Republicans catch the Trump strain of tea party fever

Republicans never really got over the anti-incumbency fever of the tea party.
Until this month, over the past 15 years, just two incumbent GOP senators lost their primaries. That record over seven cycles reflects a lot of under-the-radar work in the party to fend off conservative challengers and help Republicans rebuild after their 2010 primary implosions cost them the Senate. President Donald Trump helped with his protection of incumbents.
Then came this spring. It took only 10 tense days — and Trump interventions against incumbents he’d once backed — to equal that 15-year number as two incumbent senators fell.
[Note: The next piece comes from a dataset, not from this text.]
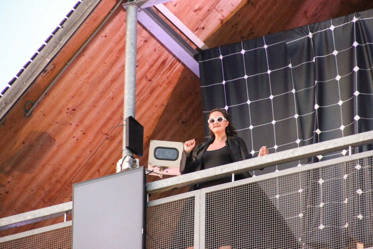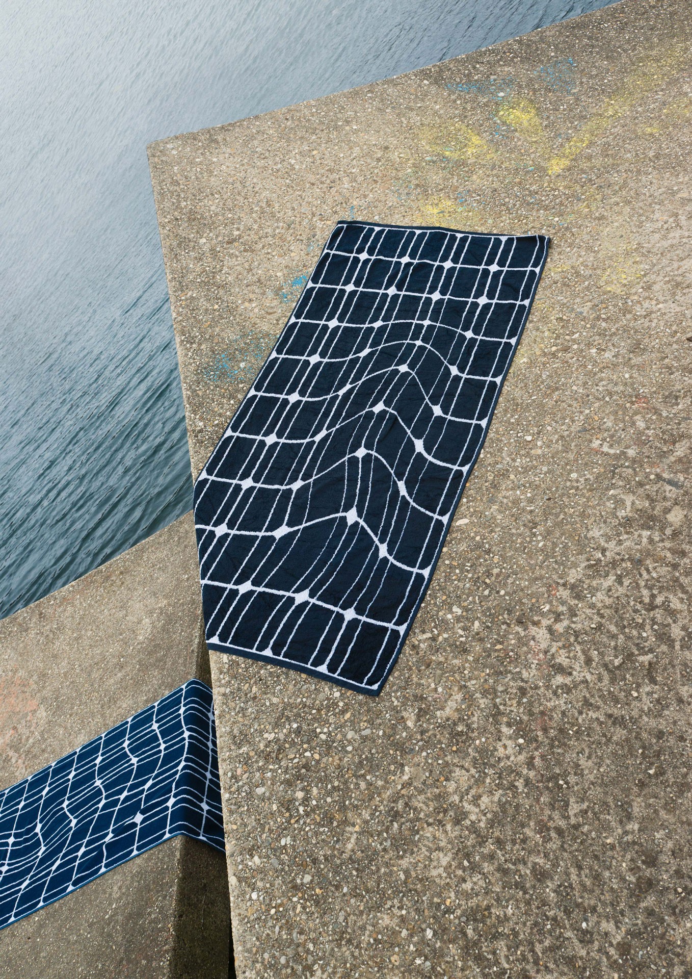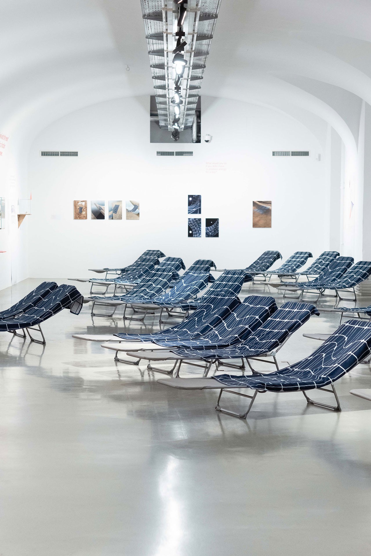 In ihrer Installation Copa Solar (2021) – ein Solarpark macht Urlaub – lädt Johanna Pichlbauer die Besucher*innen ein, auf ihrem „Sonnendeck“ Platz zu nehmen und die Kraft der Sonne zu genießen. Statt einer Halbleiterbeschichtung sind es allerdings weiche Frottierhandtücher, die die Unterlage für energiebringende Minuten der Einkehr bieten. Die Handtücher, die die Ästhetik von Solarpanels aufgreifen, ihre starren Raster dabei aber weich verformen, entwarf die Designerin in Kooperation mit dem Frottierwarenhersteller Vossen.
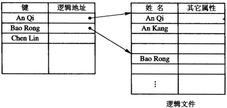:在顺序文件基础上,增加索引表,其中存放每条记录的关键字(或记录号)与其文件位置的对应关系。

The political demise of John Cornyn in Texas and Bill Cassidy in Louisiana is causing unrest within the Senate GOP that’s already making Republicans’ lives harder, but it’s also showing something important about the party’s mood.
For all the angst in the Democratic Party about direction, leadership and tactics to fight Trump, Republican voters have spent years hanging onto their own anti-establishment energy. It helped elect Trump. And now the president has no qualms about fueling it, replacing the ideological feuds of the 2010s with loyalty tests.
Trump posted several times on Wednesday to tout his latest tally of primary victories this cycle for his endorsed candidates, reveling in Cornyn’s runoff loss to Texas attorney general Ken Paxton.
Cornyn lost by a shocking 27 points on Tuesday night, a margin that indicates he almost certainly would have lost even without Trump’s intervention. Trump’s endorsement of Paxton and criticisms of Cornyn amounted to salt in the wound, running up Paxton’s margin to numbers even his supporters hadn’t predicted.
One state over in Louisiana, Cassidy came in third place in his reelection race, failing even to make the runoff. Cassidy’s fate might have been sealed the moment he voted to convict Trump in 2021’s impeachment trial, but Trump didn’t leave it to chance, blasting Cassidy at will. This, too, was a blowout loss.
The burn-it-down mood within the GOP base even implicates Trump-backed candidates like Sen. Lindsey Graham, R-S.C., who is working to fend off a primary opponent and brace for a general election fight. He’s spent nearly $10 million in the past 18 months as he seeks to avoid a runoff with Mark Lynch, a self-funding conservative whom Trump has called a “disaster.”
Graham is favored as he pummels Lynch, but he also wants to avoid a runoff that would sap his coffers and divide the party: He’s got a viable Democratic challenger, Annie Andrews, waiting in the fall.